ACTION ITEM: The answer must be every entry, given again word for word.

(INPUT MATERIAL Opens)

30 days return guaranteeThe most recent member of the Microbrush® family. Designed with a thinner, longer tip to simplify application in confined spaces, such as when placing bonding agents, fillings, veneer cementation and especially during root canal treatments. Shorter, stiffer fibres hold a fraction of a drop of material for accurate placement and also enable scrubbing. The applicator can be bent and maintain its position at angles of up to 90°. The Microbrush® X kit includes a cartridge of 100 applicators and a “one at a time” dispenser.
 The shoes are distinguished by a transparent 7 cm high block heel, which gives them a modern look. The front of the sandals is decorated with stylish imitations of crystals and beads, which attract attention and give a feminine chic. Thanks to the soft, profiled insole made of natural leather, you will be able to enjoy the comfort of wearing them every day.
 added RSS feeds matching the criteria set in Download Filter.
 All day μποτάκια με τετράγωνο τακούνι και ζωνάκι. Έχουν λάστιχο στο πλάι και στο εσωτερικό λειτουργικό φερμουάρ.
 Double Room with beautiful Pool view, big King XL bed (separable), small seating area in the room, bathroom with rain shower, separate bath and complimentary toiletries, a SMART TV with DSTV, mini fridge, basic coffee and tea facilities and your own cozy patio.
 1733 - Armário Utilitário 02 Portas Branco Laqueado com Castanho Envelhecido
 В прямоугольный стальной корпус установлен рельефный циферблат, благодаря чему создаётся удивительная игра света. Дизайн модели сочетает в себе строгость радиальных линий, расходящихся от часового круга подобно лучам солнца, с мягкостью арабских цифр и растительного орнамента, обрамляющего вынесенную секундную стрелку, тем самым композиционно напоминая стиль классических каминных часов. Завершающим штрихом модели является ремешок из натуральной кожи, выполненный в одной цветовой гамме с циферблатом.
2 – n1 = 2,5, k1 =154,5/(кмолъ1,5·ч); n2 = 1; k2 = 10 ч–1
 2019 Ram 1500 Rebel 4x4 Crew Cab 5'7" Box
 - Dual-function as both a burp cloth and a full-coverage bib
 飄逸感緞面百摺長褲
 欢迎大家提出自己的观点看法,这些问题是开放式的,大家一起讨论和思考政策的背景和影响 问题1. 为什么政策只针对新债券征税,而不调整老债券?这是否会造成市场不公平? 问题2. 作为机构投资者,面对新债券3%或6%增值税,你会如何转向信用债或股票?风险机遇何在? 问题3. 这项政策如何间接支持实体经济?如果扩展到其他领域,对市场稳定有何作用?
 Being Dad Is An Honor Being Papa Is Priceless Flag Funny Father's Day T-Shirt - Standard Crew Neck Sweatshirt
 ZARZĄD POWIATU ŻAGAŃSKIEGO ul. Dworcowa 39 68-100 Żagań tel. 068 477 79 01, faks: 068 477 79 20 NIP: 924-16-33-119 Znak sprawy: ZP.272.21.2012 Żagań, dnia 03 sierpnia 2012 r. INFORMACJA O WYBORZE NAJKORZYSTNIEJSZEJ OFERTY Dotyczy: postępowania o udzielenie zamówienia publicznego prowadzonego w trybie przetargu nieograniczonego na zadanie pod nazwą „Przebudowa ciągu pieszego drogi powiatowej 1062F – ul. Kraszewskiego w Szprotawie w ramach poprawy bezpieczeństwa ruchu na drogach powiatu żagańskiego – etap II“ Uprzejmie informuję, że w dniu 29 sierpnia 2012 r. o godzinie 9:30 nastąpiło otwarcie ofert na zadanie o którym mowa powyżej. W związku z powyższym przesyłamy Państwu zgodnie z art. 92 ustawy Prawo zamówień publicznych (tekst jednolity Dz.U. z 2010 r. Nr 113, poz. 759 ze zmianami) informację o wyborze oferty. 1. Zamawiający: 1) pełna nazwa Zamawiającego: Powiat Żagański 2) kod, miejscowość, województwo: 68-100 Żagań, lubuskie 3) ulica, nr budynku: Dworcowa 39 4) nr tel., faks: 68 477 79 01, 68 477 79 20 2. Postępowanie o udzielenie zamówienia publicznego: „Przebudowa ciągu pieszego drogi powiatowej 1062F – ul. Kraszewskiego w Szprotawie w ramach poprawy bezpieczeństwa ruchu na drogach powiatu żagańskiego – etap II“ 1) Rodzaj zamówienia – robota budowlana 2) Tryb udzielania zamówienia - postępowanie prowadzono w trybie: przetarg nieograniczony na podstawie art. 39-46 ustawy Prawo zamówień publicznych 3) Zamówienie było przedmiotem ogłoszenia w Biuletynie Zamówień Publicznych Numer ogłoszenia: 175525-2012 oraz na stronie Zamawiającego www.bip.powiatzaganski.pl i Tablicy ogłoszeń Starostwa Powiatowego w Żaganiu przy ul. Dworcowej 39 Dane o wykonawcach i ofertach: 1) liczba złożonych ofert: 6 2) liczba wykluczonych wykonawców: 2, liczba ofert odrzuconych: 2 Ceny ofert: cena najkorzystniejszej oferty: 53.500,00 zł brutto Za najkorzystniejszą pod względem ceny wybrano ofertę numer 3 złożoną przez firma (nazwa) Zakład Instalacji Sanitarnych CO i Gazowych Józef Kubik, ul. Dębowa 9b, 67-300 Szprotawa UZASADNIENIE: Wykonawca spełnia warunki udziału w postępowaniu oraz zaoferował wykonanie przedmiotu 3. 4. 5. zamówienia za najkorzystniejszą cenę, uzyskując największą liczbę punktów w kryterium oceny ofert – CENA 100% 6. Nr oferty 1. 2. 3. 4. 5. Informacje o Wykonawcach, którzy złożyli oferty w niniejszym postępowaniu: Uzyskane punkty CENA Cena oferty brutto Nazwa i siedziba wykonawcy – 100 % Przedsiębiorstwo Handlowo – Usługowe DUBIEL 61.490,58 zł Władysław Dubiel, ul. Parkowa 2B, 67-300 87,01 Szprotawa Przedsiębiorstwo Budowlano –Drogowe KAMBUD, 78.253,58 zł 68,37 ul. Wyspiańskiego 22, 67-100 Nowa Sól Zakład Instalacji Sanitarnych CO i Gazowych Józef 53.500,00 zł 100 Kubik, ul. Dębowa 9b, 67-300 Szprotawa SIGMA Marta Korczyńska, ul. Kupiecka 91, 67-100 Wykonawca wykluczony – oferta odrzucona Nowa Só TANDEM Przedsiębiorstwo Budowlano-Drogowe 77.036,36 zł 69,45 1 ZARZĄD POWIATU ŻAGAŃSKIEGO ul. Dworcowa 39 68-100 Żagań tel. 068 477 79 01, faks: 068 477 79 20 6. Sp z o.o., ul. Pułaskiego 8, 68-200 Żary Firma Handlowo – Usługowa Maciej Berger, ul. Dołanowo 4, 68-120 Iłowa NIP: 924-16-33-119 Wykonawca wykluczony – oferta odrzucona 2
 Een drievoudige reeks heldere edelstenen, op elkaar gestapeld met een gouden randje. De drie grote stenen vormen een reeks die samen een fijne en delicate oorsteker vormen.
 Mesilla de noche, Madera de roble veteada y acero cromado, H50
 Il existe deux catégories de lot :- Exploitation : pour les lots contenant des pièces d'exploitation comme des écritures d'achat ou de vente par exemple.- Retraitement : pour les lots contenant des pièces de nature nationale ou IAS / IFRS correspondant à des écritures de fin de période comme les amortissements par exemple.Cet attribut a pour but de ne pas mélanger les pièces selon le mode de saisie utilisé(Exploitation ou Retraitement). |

(INPUT MATERIAL Closes)

ANSWER TO THIS EXERCISE:
30 days return guaranteeThe most recent member of the Microbrush® family. Designed with a thinner, longer tip to simplify application in confined spaces, such as when placing bonding agents, fillings, veneer cementation and especially during root canal treatments. Shorter, stiffer fibres hold a fraction of a drop of material for accurate placement and also enable scrubbing. The applicator can be bent and maintain its position at angles of up to 90°. The Microbrush® X kit includes a cartridge of 100 applicators and a “one at a time” dispenser.
 The shoes are distinguished by a transparent 7 cm high block heel, which gives them a modern look. The front of the sandals is decorated with stylish imitations of crystals and beads, which attract attention and give a feminine chic. Thanks to the soft, profiled insole made of natural leather, you will be able to enjoy the comfort of wearing them every day.
 added RSS feeds matching the criteria set in Download Filter.
 All day μποτάκια με τετράγωνο τακούνι και ζωνάκι. Έχουν λάστιχο στο πλάι και στο εσωτερικό λειτουργικό φερμουάρ.
 Double Room with beautiful Pool view, big King XL bed (separable), small seating area in the room, bathroom with rain shower, separate bath and complimentary toiletries, a SMART TV with DSTV, mini fridge, basic coffee and tea facilities and your own cozy patio.
 1733 - Armário Utilitário 02 Portas Branco Laqueado com Castanho Envelhecido
 В прямоугольный стальной корпус установлен рельефный циферблат, благодаря чему создаётся удивительная игра света. Дизайн модели сочетает в себе строгость радиальных линий, расходящихся от часового круга подобно лучам солнца, с мягкостью арабских цифр и растительного орнамента, обрамляющего вынесенную секундную стрелку, тем самым композиционно напоминая стиль классических каминных часов. Завершающим штрихом модели является ремешок из натуральной кожи, выполненный в одной цветовой гамме с циферблатом.
2 – n1 = 2,5, k1 =154,5/(кмолъ1,5·ч); n2 = 1; k2 = 10 ч–1
 2019 Ram 1500 Rebel 4x4 Crew Cab 5'7" Box
 - Dual-function as both a burp cloth and a full-coverage bib
 飄逸感緞面百摺長褲
 欢迎大家提出自己的观点看法,这些问题是开放式的,大家一起讨论和思考政策的背景和影响 问题1. 为什么政策只针对新债券征税,而不调整老债券?这是否会造成市场不公平? 问题2. 作为机构投资者,面对新债券3%或6%增值税,你会如何转向信用债或股票?风险机遇何在? 问题3. 这项政策如何间接支持实体经济?如果扩展到其他领域,对市场稳定有何作用?
 Being Dad Is An Honor Being Papa Is Priceless Flag Funny Father's Day T-Shirt - Standard Crew Neck Sweatshirt
 ZARZĄD POWIATU ŻAGAŃSKIEGO ul. Dworcowa 39 68-100 Żagań tel. 068 477 79 01, faks: 068 477 79 20 NIP: 924-16-33-119 Znak sprawy: ZP.272.21.2012 Żagań, dnia 03 sierpnia 2012 r. INFORMACJA O WYBORZE NAJKORZYSTNIEJSZEJ OFERTY Dotyczy: postępowania o udzielenie zamówienia publicznego prowadzonego w trybie przetargu nieograniczonego na zadanie pod nazwą „Przebudowa ciągu pieszego drogi powiatowej 1062F – ul. Kraszewskiego w Szprotawie w ramach poprawy bezpieczeństwa ruchu na drogach powiatu żagańskiego – etap II“ Uprzejmie informuję, że w dniu 29 sierpnia 2012 r. o godzinie 9:30 nastąpiło otwarcie ofert na zadanie o którym mowa powyżej. W związku z powyższym przesyłamy Państwu zgodnie z art. 92 ustawy Prawo zamówień publicznych (tekst jednolity Dz.U. z 2010 r. Nr 113, poz. 759 ze zmianami) informację o wyborze oferty. 1. Zamawiający: 1) pełna nazwa Zamawiającego: Powiat Żagański 2) kod, miejscowość, województwo: 68-100 Żagań, lubuskie 3) ulica, nr budynku: Dworcowa 39 4) nr tel., faks: 68 477 79 01, 68 477 79 20 2. Postępowanie o udzielenie zamówienia publicznego: „Przebudowa ciągu pieszego drogi powiatowej 1062F – ul. Kraszewskiego w Szprotawie w ramach poprawy bezpieczeństwa ruchu na drogach powiatu żagańskiego – etap II“ 1) Rodzaj zamówienia – robota budowlana 2) Tryb udzielania zamówienia - postępowanie prowadzono w trybie: przetarg nieograniczony na podstawie art. 39-46 ustawy Prawo zamówień publicznych 3) Zamówienie było przedmiotem ogłoszenia w Biuletynie Zamówień Publicznych Numer ogłoszenia: 175525-2012 oraz na stronie Zamawiającego www.bip.powiatzaganski.pl i Tablicy ogłoszeń Starostwa Powiatowego w Żaganiu przy ul. Dworcowej 39 Dane o wykonawcach i ofertach: 1) liczba złożonych ofert: 6 2) liczba wykluczonych wykonawców: 2, liczba ofert odrzuconych: 2 Ceny ofert: cena najkorzystniejszej oferty: 53.500,00 zł brutto Za najkorzystniejszą pod względem ceny wybrano ofertę numer 3 złożoną przez firma (nazwa) Zakład Instalacji Sanitarnych CO i Gazowych Józef Kubik, ul. Dębowa 9b, 67-300 Szprotawa UZASADNIENIE: Wykonawca spełnia warunki udziału w postępowaniu oraz zaoferował wykonanie przedmiotu 3. 4. 5. zamówienia za najkorzystniejszą cenę, uzyskując największą liczbę punktów w kryterium oceny ofert – CENA 100% 6. Nr oferty 1. 2. 3. 4. 5. Informacje o Wykonawcach, którzy złożyli oferty w niniejszym postępowaniu: Uzyskane punkty CENA Cena oferty brutto Nazwa i siedziba wykonawcy – 100 % Przedsiębiorstwo Handlowo – Usługowe DUBIEL 61.490,58 zł Władysław Dubiel, ul. Parkowa 2B, 67-300 87,01 Szprotawa Przedsiębiorstwo Budowlano –Drogowe KAMBUD, 78.253,58 zł 68,37 ul. Wyspiańskiego 22, 67-100 Nowa Sól Zakład Instalacji Sanitarnych CO i Gazowych Józef 53.500,00 zł 100 Kubik, ul. Dębowa 9b, 67-300 Szprotawa SIGMA Marta Korczyńska, ul. Kupiecka 91, 67-100 Wykonawca wykluczony – oferta odrzucona Nowa Só TANDEM Przedsiębiorstwo Budowlano-Drogowe 77.036,36 zł 69,45 1 ZARZĄD POWIATU ŻAGAŃSKIEGO ul. Dworcowa 39 68-100 Żagań tel. 068 477 79 01, faks: 068 477 79 20 6. Sp z o.o., ul. Pułaskiego 8, 68-200 Żary Firma Handlowo – Usługowa Maciej Berger, ul. Dołanowo 4, 68-120 Iłowa NIP: 924-16-33-119 Wykonawca wykluczony – oferta odrzucona 2
 Een drievoudige reeks heldere edelstenen, op elkaar gestapeld met een gouden randje. De drie grote stenen vormen een reeks die samen een fijne en delicate oorsteker vormen.
 Mesilla de noche, Madera de roble veteada y acero cromado, H50
 Il existe deux catégories de lot :- Exploitation : pour les lots contenant des pièces d'exploitation comme des écritures d'achat ou de vente par exemple.- Retraitement : pour les lots contenant des pièces de nature nationale ou IAS / IFRS correspondant à des écritures de fin de période comme les amortissements par exemple.Cet attribut a pour but de ne pas mélanger les pièces selon le mode de saisie utilisé(Exploitation ou Retraitement). |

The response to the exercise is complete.